Overview
Inspect is an open-source framework designed to make systematic, extensible, and reproducible evaluations of large language models (LLMs) straightforward. Created by the UK AI Security Institute (AISI) and hosted in the UK Government BEIS GitHub organization, Inspect bundles common evaluation patterns and utilities so teams can focus on designing and running meaningful tests rather than reimplementing evaluation scaffolding.
Key features
- Built-in components for prompt engineering: helpers and templates to manage prompts consistently across experiments.
- Tool usage and multi-turn dialogue support: evaluate models in interactive, multi-step scenarios including tool calls and stateful conversations.
- Model-graded evaluations: support for evaluations where models themselves provide graded responses or judgments.
- Large collection of pre-built evaluations: includes 100+ ready-to-run evaluation suites (Inspect Evals) that can be executed against any compatible model.

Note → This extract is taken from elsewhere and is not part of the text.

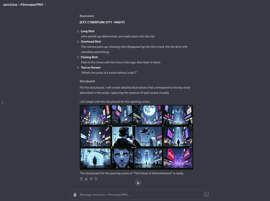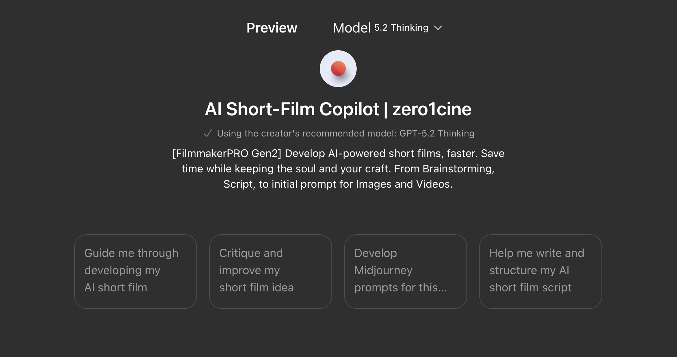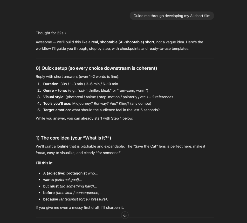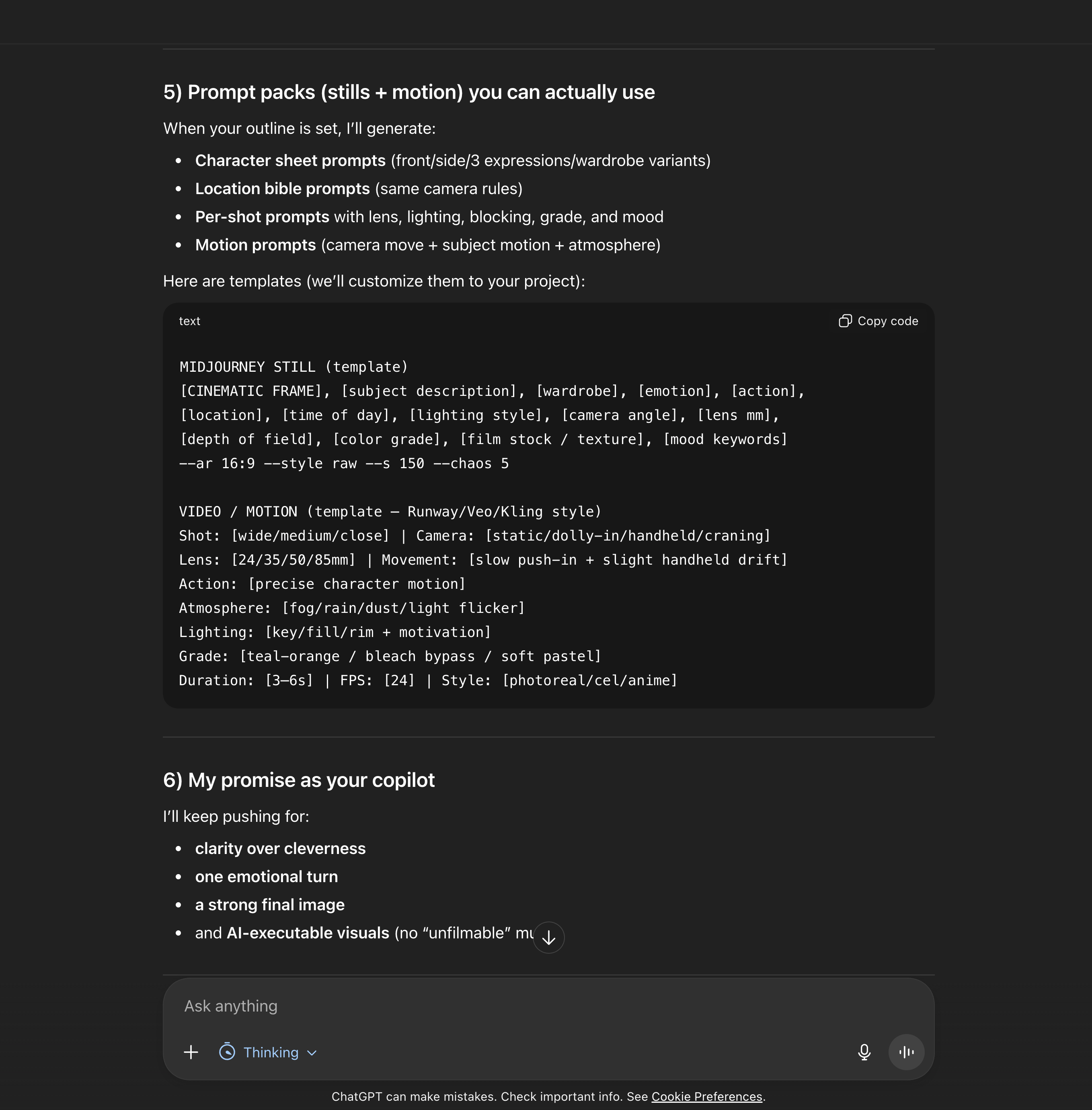 Trained with a curated selection of great filmmaking books about script and direction, tailored to AI shorts.

- Extensible architecture: additional elicitation and scoring techniques can be provided via separate Python packages, making it straightforward to add new metrics or evaluation styles.
Who it's for
Inspect targets researchers, safety engineers, and practitioners who need a repeatable framework for benchmarking and stress-testing LLMs. It’s useful for comparing model behavior across prompts, tool configurations, multi-turn interactions, and scoring strategies.
Quick start (high-level)
- Clone the repository and install in editable mode with dev dependencies (recommended for contributors):
git clone https://github.com/UKGovernmentBEIS/inspect_ai.git cd inspect_ai pip install -e ".[dev]" - Optionally install pre-commit hooks and run checks/tests (
make hooks,make check,make test). - See the documentation site for detailed guides and the collection of pre-built evaluations: https://inspect.aisi.org.uk/.
Integration and extensibility
Inspect is designed as an evaluation infrastructure rather than a model runtime. It can be used with different model backends and evaluation extensions. Teams can add new elicitation techniques, scoring methods, or datasets via Python extension packages. The project also documents how to build and preview documentation using Quarto for contributors working on docs.
Project signals and community
The GitHub repository (UKGovernmentBEIS/inspect_ai) is actively published with community-facing documentation and a demo collection (Inspect Evals). It contains contributor guidance (linting, tests, recommended VS Code extensions) to help development and review. The project README links to the official Inspect documentation (inspect.aisi.org.uk) for full usage details.